How William Wallace of ‘Braveheart’ Fame Defeated the English at the Battle of Stirling Bridge
On September 11, 1297, the warrior vanquished the superior armies of Edward I, cementing his status as one of Scotland’s most iconic heroes
Braveheart, Mel Gibson’s 1995 film about William Wallace, is notoriously riddled with inaccuracies, from the imagined blue face paint donned by the Scottish warrior to the anachronistic tartan kilts worn by his freedom fighters. One of the movie’s most egregious errors is its depiction of the Battle of Stirling Bridge, which ended in a decisive Scottish victory on September 11, 1297. Braveheart’s version of the battle left out two key elements: Wallace’s co-commander in battle and the eponymous bridge. Here’s what really happened in Stirling exactly 727 years ago.
The Battle of Stirling Bridge took place during the First War of Scottish Independence, a conflict that spanned 1296 to 1328. Six years before the war began, Scotland’s child queen died without an heir, leaving rival claimants to the throne embroiled in a clash for control of the kingdom. Faced with the prospect of civil war, the Scottish nobility asked England’s Edward I to choose a new ruler on their behalf. In exchange for intervening, Edward started treating Scotland like a feudal territory, asserting England’s dominance over its neighbor. In 1296, Edward formally seized control, deposing the Scottish king he’d appointed and massacring thousands of civilians.
As Scots chafed against the new status quo, they found a leader in Wallace, who rose to prominence after killing an English sheriff in May 1297. Per History Today, this “drew the disaffected to [Wallace]. … At once, he demonstrated the vigor and military skill which were his trademarks.” By August, Wallace, whose men were clustered in southern Scotland, had joined forces with Andrew Murray, who was leading a similar band of rebels in the north. On September 11, the pair’s combined forces faced off with the English near Stirling Castle, a stronghold north of Glasgow.
Estimates of the armies’ sizes vary widely, but scholars generally agree that the English (supported by Welsh infantry) outnumbered the Scots, who also had far fewer cavalry. To reach the enemy, the English had to cross a bridge, which was so narrow that “a pair of horsemen could scarcely and with difficulty cross at the same time,” in the words of contemporary chronicler Walter de Guisborough.

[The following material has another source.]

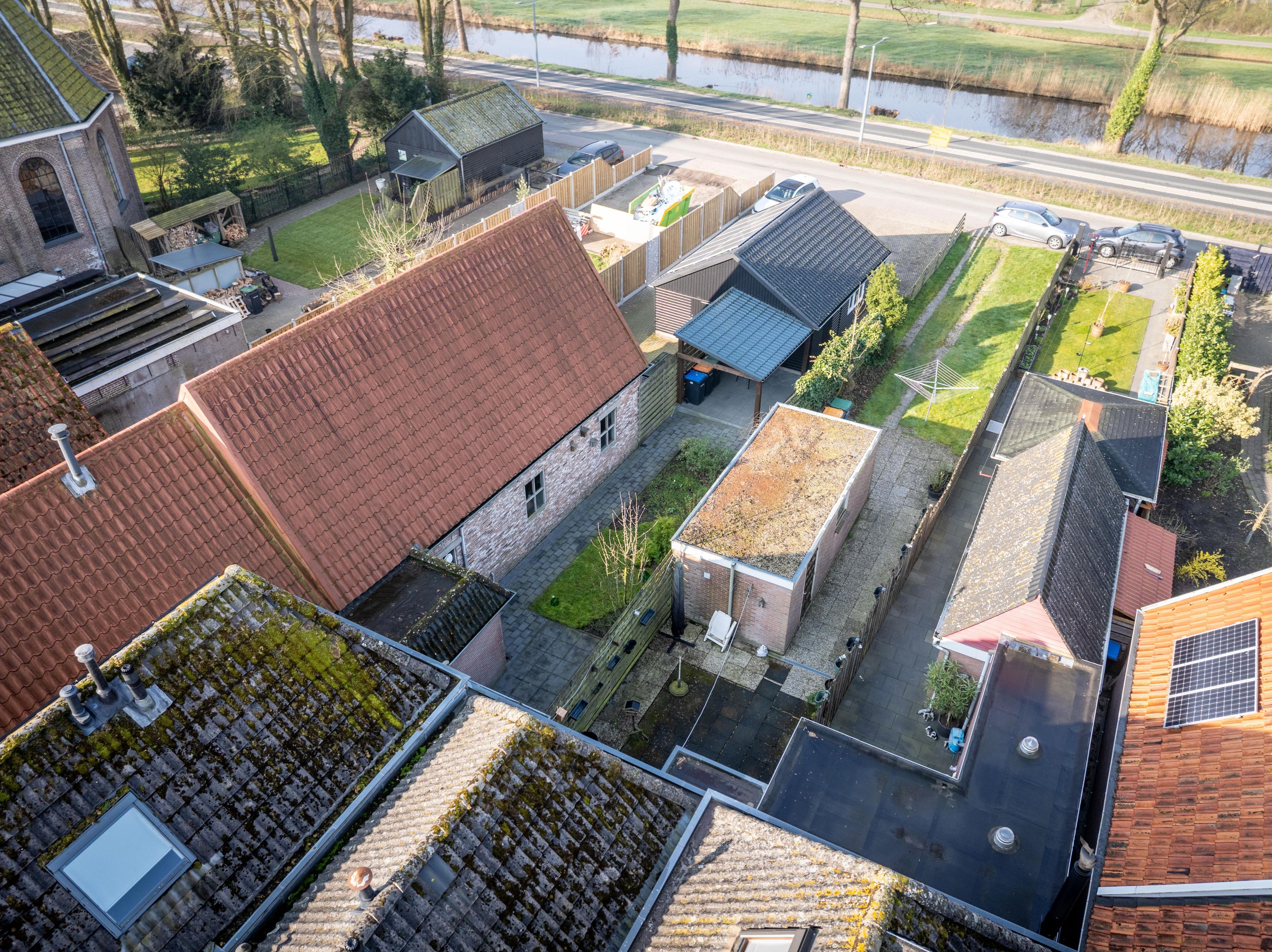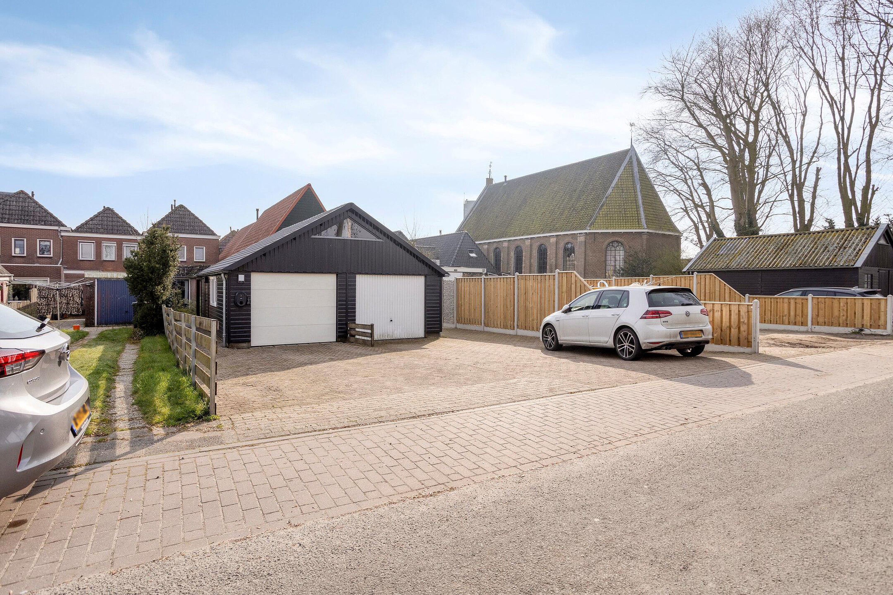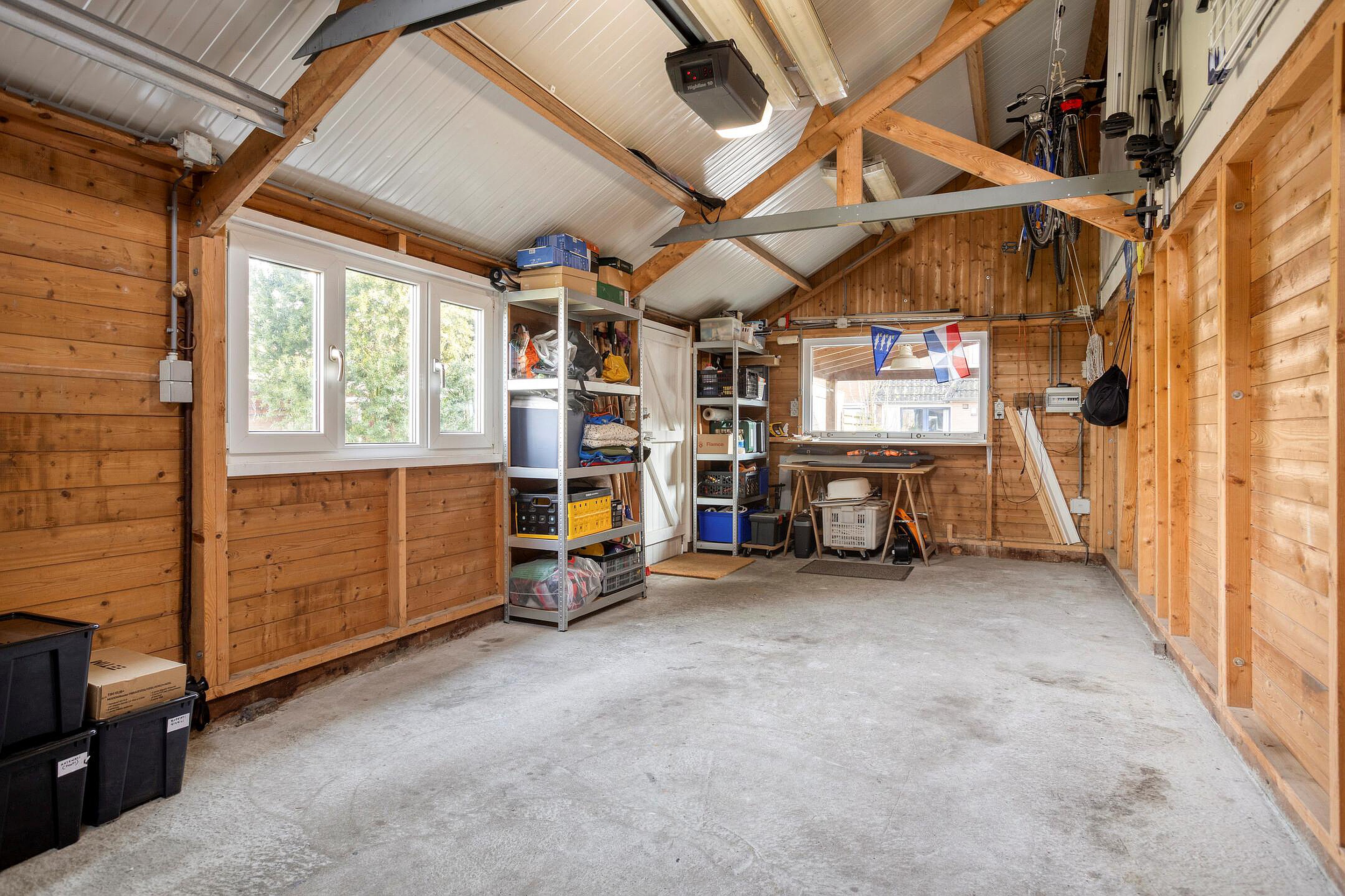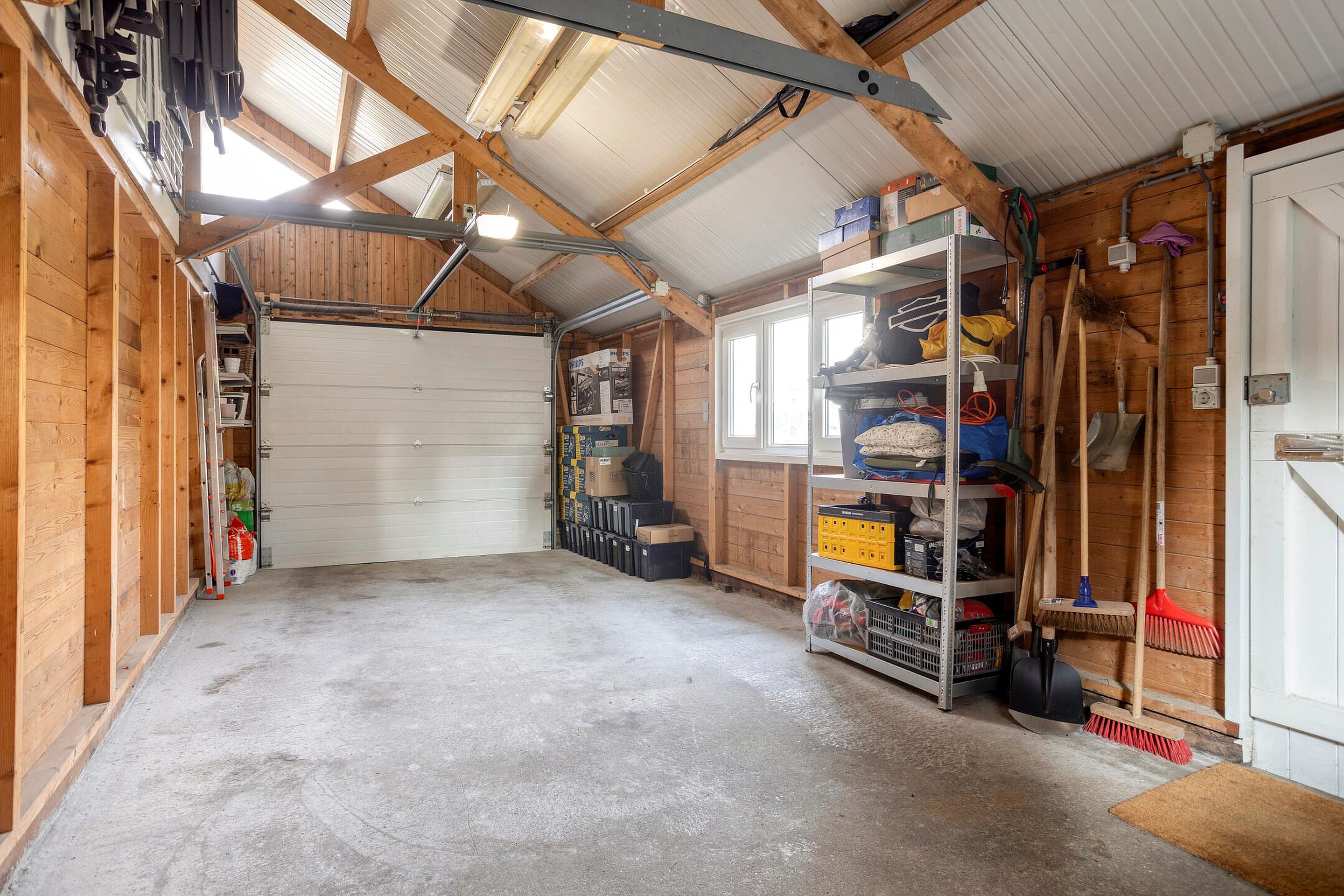 - De woning is voorzien van een achtertuin met o.a. diverse terrassen, een achterom en een garage.

Wallace and Murray allowed about half of the English soldiers to cross unimpeded before springing into action, attacking while their forces held the high ground. According to Guisborough, the Scottish commanders “sent [their] spearmen to occupy the foot of the bridge, such that from then, no passage or retreat remained open” to the English. At some point during the battle, the bridge collapsed. Thousands of Englishmen died, cut down by the enemy or drowned as they attempted to swim back across the river. Among the dead was Hugh de Cressingham, the king’s treasurer, whose corpse was reportedly flayed to make a sheath for Wallace’s sword. Murray was fatally injured, too, though he didn’t succumb to his injuries for another few months.
The Battle of Stirling Bridge represented Wallace’s only major military victory in the fight against the English. On July 22, 1298, the Scottish warrior’s forces suffered a stinging defeat at the Battle of Falkirk. Eager to seek revenge for his loss at Stirling, Edward equipped his soldiers with longbows, which enabled them to rain down arrows on the enemy from afar.
In the aftermath of Falkirk, Wallace resigned his position as guardian of Scotland and traveled to continental Europe to seek support for the Scottish cause. By 1304, he was an outlaw in his own country, wanted by the English for his efforts to oust them from Scotland. In 1305, Wallace was captured by a Scottish knight and turned over to Edward, who ordered him hanged, drawn and quartered as a traitor. It was only in 1328, under the leadership of Robert the Bruce, an erstwhile ally of Wallace, that Scotland secured recognition of its independence from England.
Though the peace agreement only lasted four years, both Wallace and Bruce remain iconic figures in Scotland to this day. As Michael Brown, a historian at the University of St. Andrews, told Smithsonian magazine in 2018, Wallace is remembered as “the disinterested patriotic hero whose only concern was the liberty and protection of his fellow Scots.” Comparatively, “Bruce is a successful politician. He achieves more, but in some ways his hands are dirtier.”